Pentobarbital (150 mg)
p-value: 0.09964
Bonferroni method threshold: 0.01250



The only p-value smaller than the threshold specified by the Bonferroni method is for Chlorpromazine. So we reject the null hypothesis for Chlorpromazine and fail to reject it for all the other drugs.

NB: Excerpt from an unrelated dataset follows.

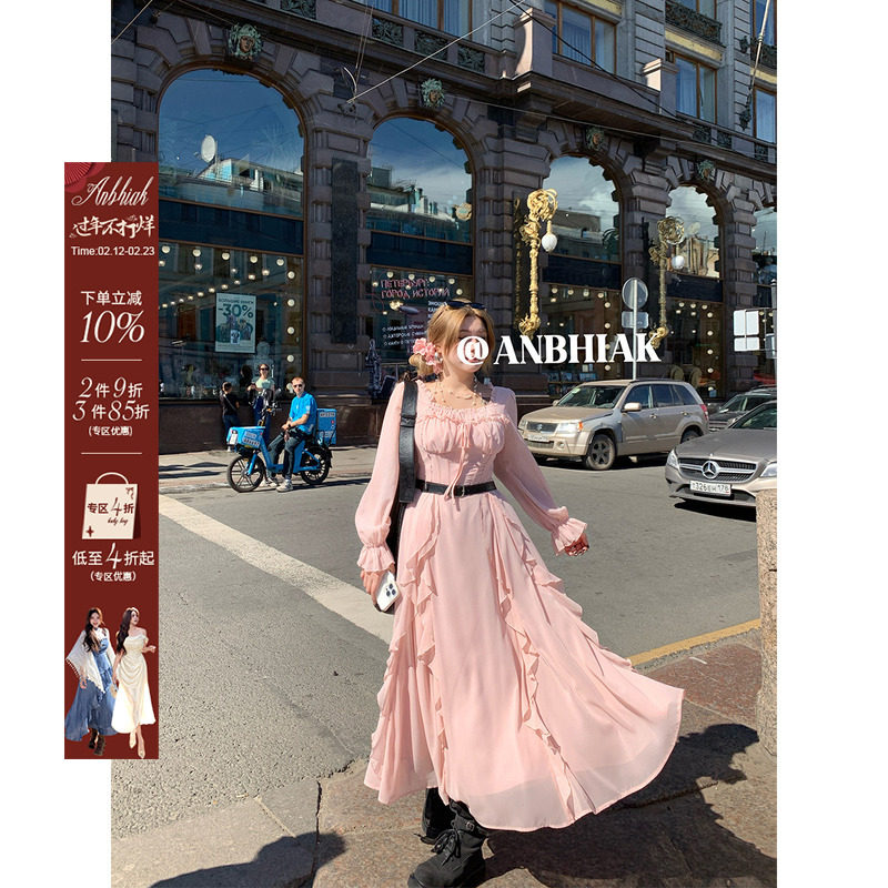 📚 安妮不火风之琴鱼骨塑形雪纺裙女2025秋冬新款微胖大码法式大摆裙

Now we try the FDR method. We follow the steps in the box on page 167. The array "ls" below is the array of numbers $\ell_i$ defined on page 167. The numbers "R" and "T" are defined as on page 167.

In [17]:
sorted_p_vals = sorted(p_vals)

In [18]:
ls = np.array([i * 0.05 / 4 for i in range(1,5)])

In [19]:
ls

array([0.0125, 0.025 , 0.0375, 0.05  ])

In [20]:
R = np.max(np.flatnonzero(sorted_p_vals < ls))

In [21]:
T = sorted_p_vals[R]

In [22]:
print('Value of R: {}'.format(R))
print('Value of BH rejection threshold T: {0:.5f}'.format(T))

Value of R: 0
Value of BH rejection threshold T: 0.00570


In [23]:
for i, name in enumerate(names[1:]):
    print(name)
    print('p-value: {0:.5f}'.format(p_vals[i]))
    print('FDR method threshold: {0:.5f}'.format(T))
    print('')

Chlorpromazine
p-value: 0.00570
FDR method threshold: 0.00570

Dimenhydrinate
p-value: 0.52023
FDR method threshold: 0.00570

Pentobarbital (100 mg)
p-value: 0.62666
FDR method threshold: 0.00570

Pentobarbital (150 mg)
p-value: 0.09964
FDR method threshold: 0.00570



Thus we reject the null hypothesis that the rate of nausea is the same as the rate under placebo for the Chlorpromazine trial and for none of the other drugs.